### WHAT THE TASK REQUIRES:
Leave the images out, and copy each of the records below exactly.

### DATA FOR THE TASK:

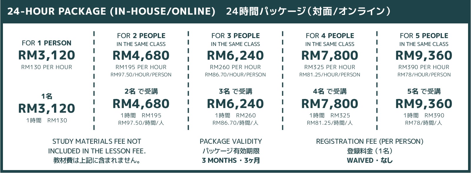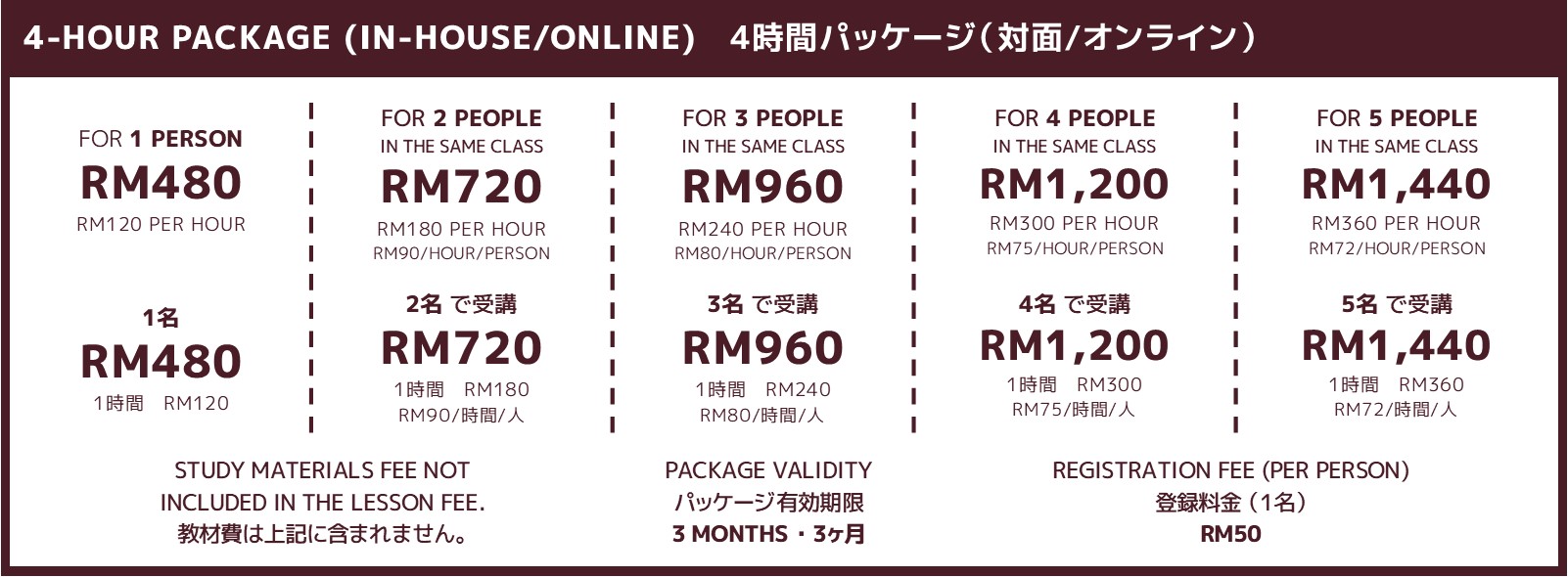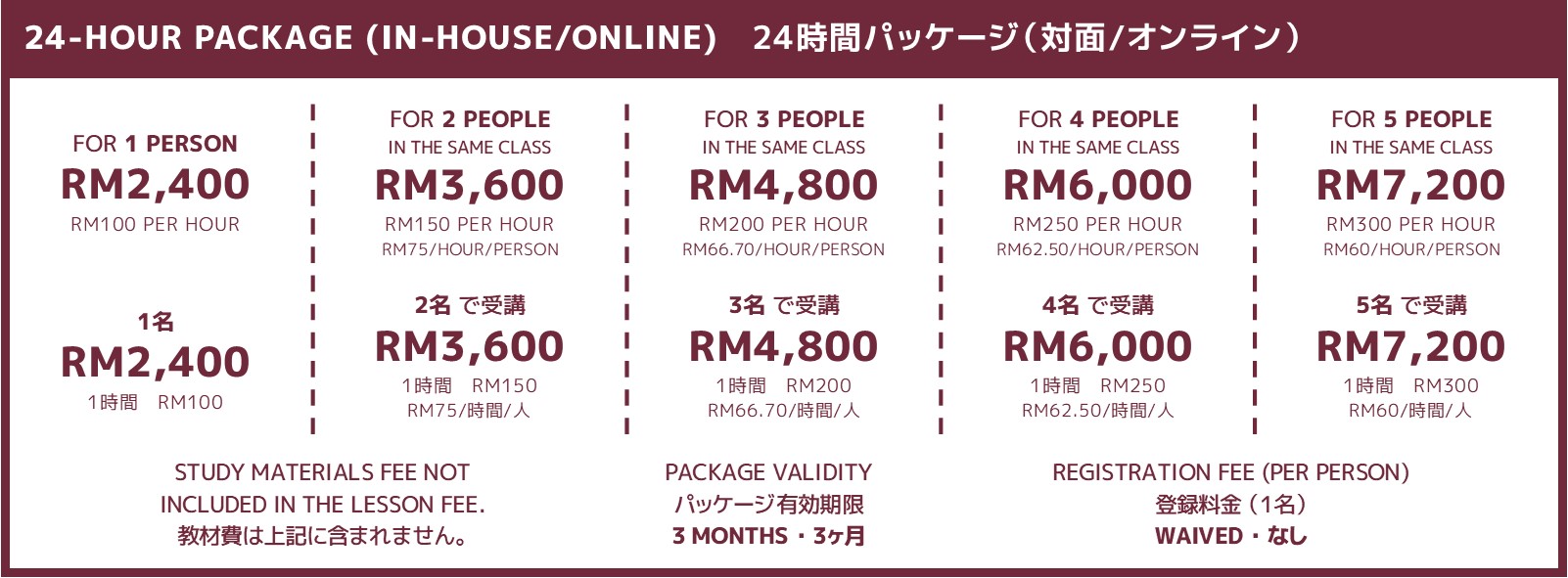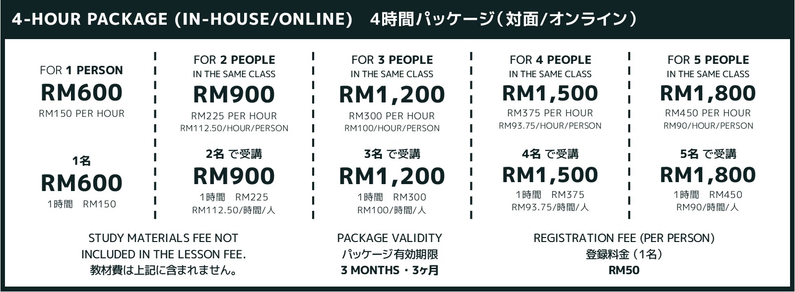 Thank you for the continuous support over the years. Kindly be informed that there will be a revision in the fees for private classes effective 1 June 2022. Existing students may continue paying the old rate until 31 October 2022.
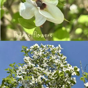 🏷️今日のお花 ハナミズキ🤍青空に映えています☀️ヤマボウシといつも迷っちゃう(^^; 2枚目 寄せ植えしていた多肉の鉢を解体して同サイズの子達を植え替えました😊左上のオーレアさんはどうなるのかしら……🤔 3枚目 花壇一面のニゲラ💙🤍🩷咲き始めました🎶 負けないようにオルレアも〜✌️ クレマチスは昨年花数が少なかったので肥料をたくさん施した結果が出てるようです👍 イキシアもピンクと黄色が咲いてます( *¯ ꒳¯*)ウフフ♡ 4枚目 日帰り出張で大分県別府市へ❣️ ちゃんと露天風呂には入ってきました♨️ 湯船の中から眺めた新緑の山もみじ💚目に染みました(*´つ_⊂`)
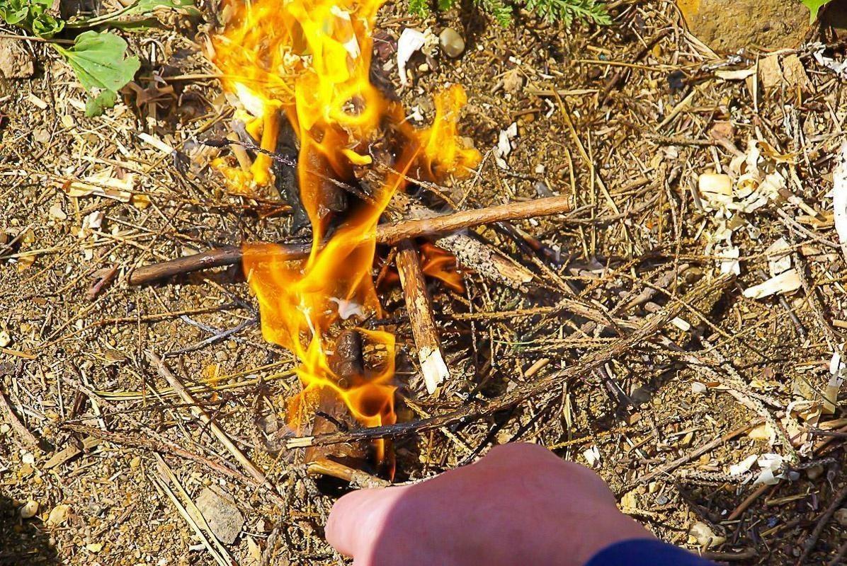 Kleine Flamme auf Holzstück, Person zeigt darauf
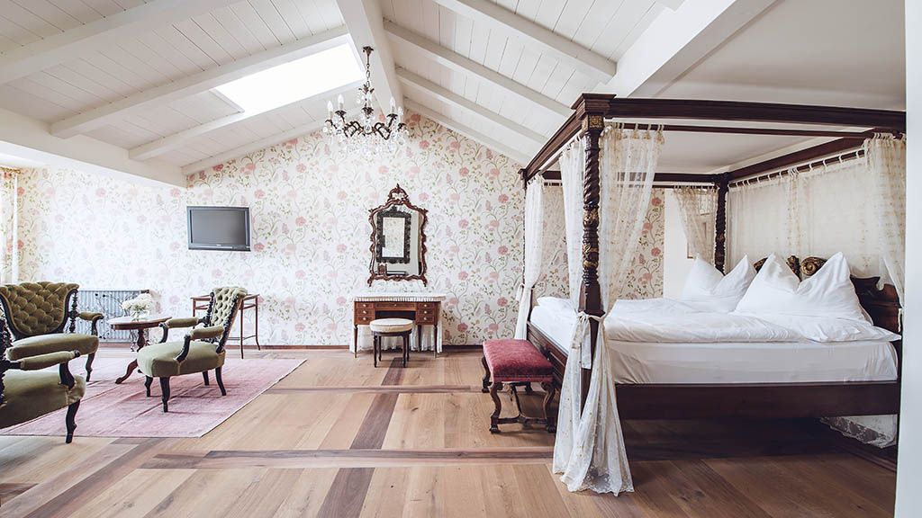 1 king size bed – 70sqm / 753sqft – seating area for lounging – wood flooring – walk-in wardrobe – balcony and terrace – garden view – with spectacular views of the enchanted castle garden and the beguiling texel group, this suite is the perfect place to spend warm summer evenings by candlelight, listening to the nightingales sing on your terraces and balcony. Treat yourself to a stay fit for a king or queen in well-lit suites with high ceilings, decorated with exquisite materials and wallpaper, antique furniture, and a genuine flair for noble atmosphere. The bathroom also boosts an infrared sauna and spectacular views, which can be enjoyed from the comfort of the panoramic bathtub – en-suite bathroom with monsoon shower and bathtub – hairdryer – bathrobes and slippers – natural and plastic-free toiletries – homemade body creams and alkali salts – complimentary wi-fi – flat-screen television – telephone – air conditioning – safe – minibar – 2 extra beds possible (on request) – charges apply – 4 persons maximum
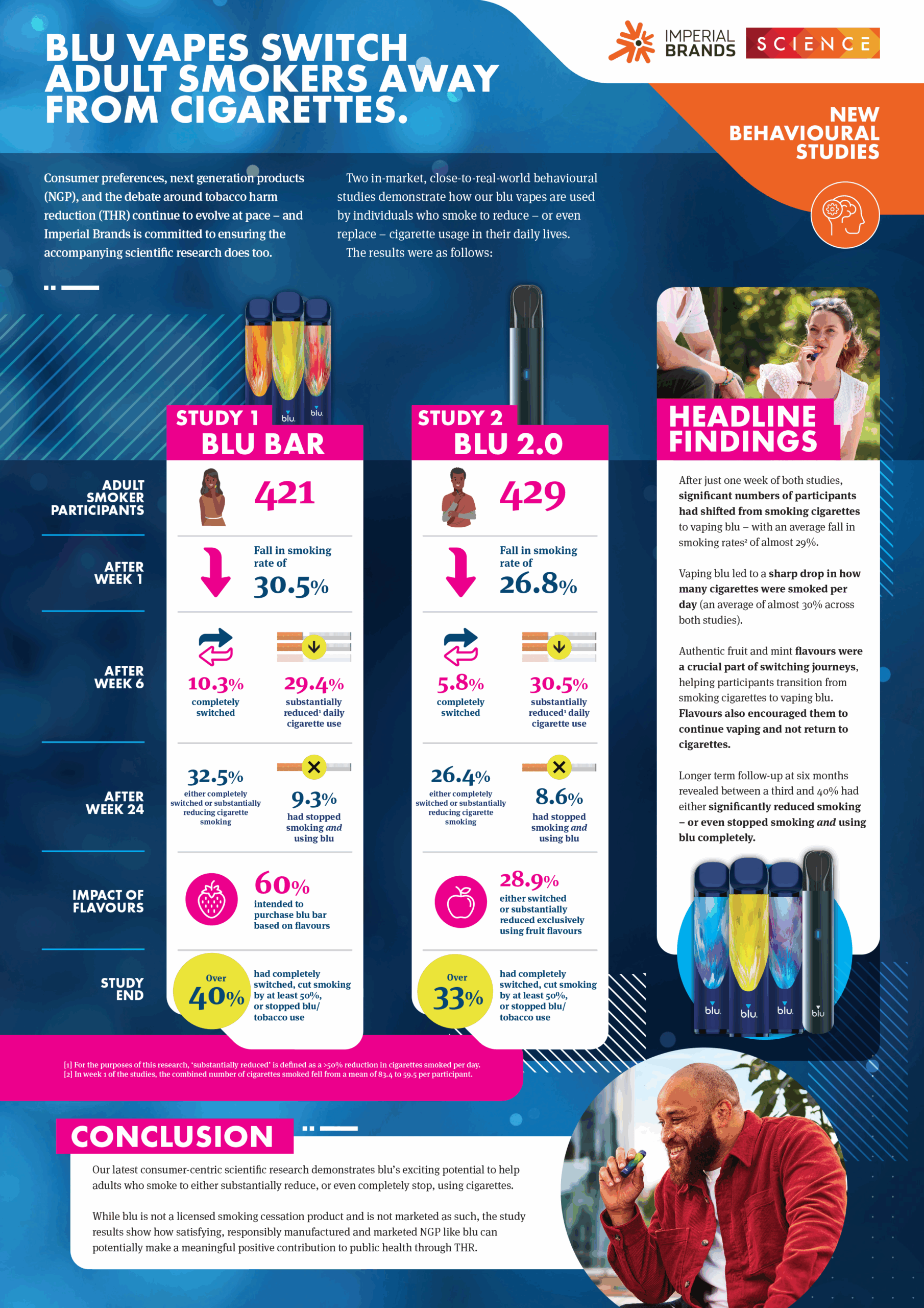 Following the encouraging results of our in-market PULZE & iD heated tobacco behavioural study last year, we recently conducted two new scientific studies focusing on our vaping product, blu.

### OUTPUT OF THE EXERCISE:
 Thank you for the continuous support over the years. Kindly be informed that there will be a revision in the fees for private classes effective 1 June 2022. Existing students may continue paying the old rate until 31 October 2022.
 🏷️今日のお花 ハナミズキ🤍青空に映えています☀️ヤマボウシといつも迷っちゃう(^^; 2枚目 寄せ植えしていた多肉の鉢を解体して同サイズの子達を植え替えました😊左上のオーレアさんはどうなるのかしら……🤔 3枚目 花壇一面のニゲラ💙🤍🩷咲き始めました🎶 負けないようにオルレアも〜✌️ クレマチスは昨年花数が少なかったので肥料をたくさん施した結果が出てるようです👍 イキシアもピンクと黄色が咲いてます( *¯ ꒳¯*)ウフフ♡ 4枚目 日帰り出張で大分県別府市へ❣️ ちゃんと露天風呂には入ってきました♨️ 湯船の中から眺めた新緑の山もみじ💚目に染みました(*´つ_⊂`)
 Kleine Flamme auf Holzstück, Person zeigt darauf
 1 king size bed – 70sqm / 753sqft – seating area for lounging – wood flooring – walk-in wardrobe – balcony and terrace – garden view – with spectacular views of the enchanted castle garden and the beguiling texel group, this suite is the perfect place to spend warm summer evenings by candlelight, listening to the nightingales sing on your terraces and balcony. Treat yourself to a stay fit for a king or queen in well-lit suites with high ceilings, decorated with exquisite materials and wallpaper, antique furniture, and a genuine flair for noble atmosphere. The bathroom also boosts an infrared sauna and spectacular views, which can be enjoyed from the comfort of the panoramic bathtub – en-suite bathroom with monsoon shower and bathtub – hairdryer – bathrobes and slippers – natural and plastic-free toiletries – homemade body creams and alkali salts – complimentary wi-fi – flat-screen television – telephone – air conditioning – safe – minibar – 2 extra beds possible (on request) – charges apply – 4 persons maximum
 Following the encouraging results of our in-market PULZE & iD heated tobacco behavioural study last year, we recently conducted two new scientific studies focusing on our vaping product, blu.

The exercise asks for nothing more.